S’il est entendu que cette institution sera rattachée à la présidence de la République et qu’elle aura une vocation scientifique ainsi qu’une autonomie en matière de finances, l’on tient aussi à la tenir à l’écart des desiderata politiques, voire idéologiques. Elle aura ainsi toute l’autorité en matière de référence pour toutes questions liées à la langue amazighe. Tous ses membres – une cinquantaine — seront nommés par le chef de l’Etat. Ils seront choisis parmi les experts aux compétences avérées dans les domaines des sciences du langage en rapport, bien sûr, avec la langue amazighe et les sciences connexes. Le niveau universitaire est exigé. L’article 13 du projet de loi en question stipule que le président de l’Académie sera nommé par le président de la République pour une durée de 4 ans et que l’institution disposera de d’organes tels qu’un conseil (instance suprême de l’Académie avec tous ses membres), un bureau (composé du président et de six membres élus par leurs pairs pour deux ans) et des commissions spécialisées.
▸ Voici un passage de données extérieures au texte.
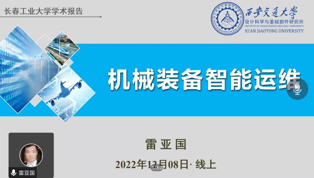 (通讯员:关迪)为丰富学生的学习生活,提高学生的综合能力,2022年12月8日下午19:30,由科研处和beat365在线唯一官网登录承办的“机械装备智能运维”在腾讯会议线上举行,特邀西安交通大学雷亚国教授做报告,为beat365师生进行讲解,beat365在线唯一官网登录院长王纯杰、副院长李纯净、统计系主任杨凯、学院部分老师,本科及研究生共215人参加本次线上学术报告,报告由院长王纯杰主持。

Si d’aucuns pensent que ce projet de loi soumis à l’examen des parlementaires passera comme une lettre à la poste, rien n’est moins évident car les tenants de l’amazighité, militants de la première heure dans la revendication de tamazight, mettront certainement leur grain de sel et trouveront à redire sur certains aspects du projet de loi. Ainsi, estiment certains analystes, s’il est de bonne politique que le président doit être nommé au plus haut niveau dans une première phase, il doit être élu par ses pairs par la suite. Il en est de même pour les 50 membres qui la composent. Il y a aussi à redire quant à la qualité de rang «universitaire», il y va de la crédibilité de cette institution qui doit reposer sa crédibilité sur trois critères, nous dit-on : crédibilité, légitimité, élection car le président doit être élu par ses pairs. Les membres qui la composent doivent être choisis parmi les intellectuels brillants du pays et créateurs de langues. L’on trouve que la simple qualité d’«universitaire» devrait être remplacée par rang professoral, noyau de l’Académie. Il est souhaité, par ailleurs, que cette dernière soit entourée d’un maximum de crédibilité et pour ce faire, l’on devrait solliciter l’apport de spécialistes reconnus à l’international dans les sciences du langage, a fortiori amis de l’Algérie. Il reste que quels que soient les arguments développés dans l’enceinte du Parlement, c’est une nouvelle étape qui s’ouvre devant la langue amazighe et pas seulement puisqu’il est attendu sa promotion tel que signifié dans la loi.
Autorité de référence, l’Académie de la langue amazighe épargnera bien de spéculations et débats stériles dans la mesure où il faudra en référer à chaque fois lorsque la nécessité l’impose car ce sera sa vocation.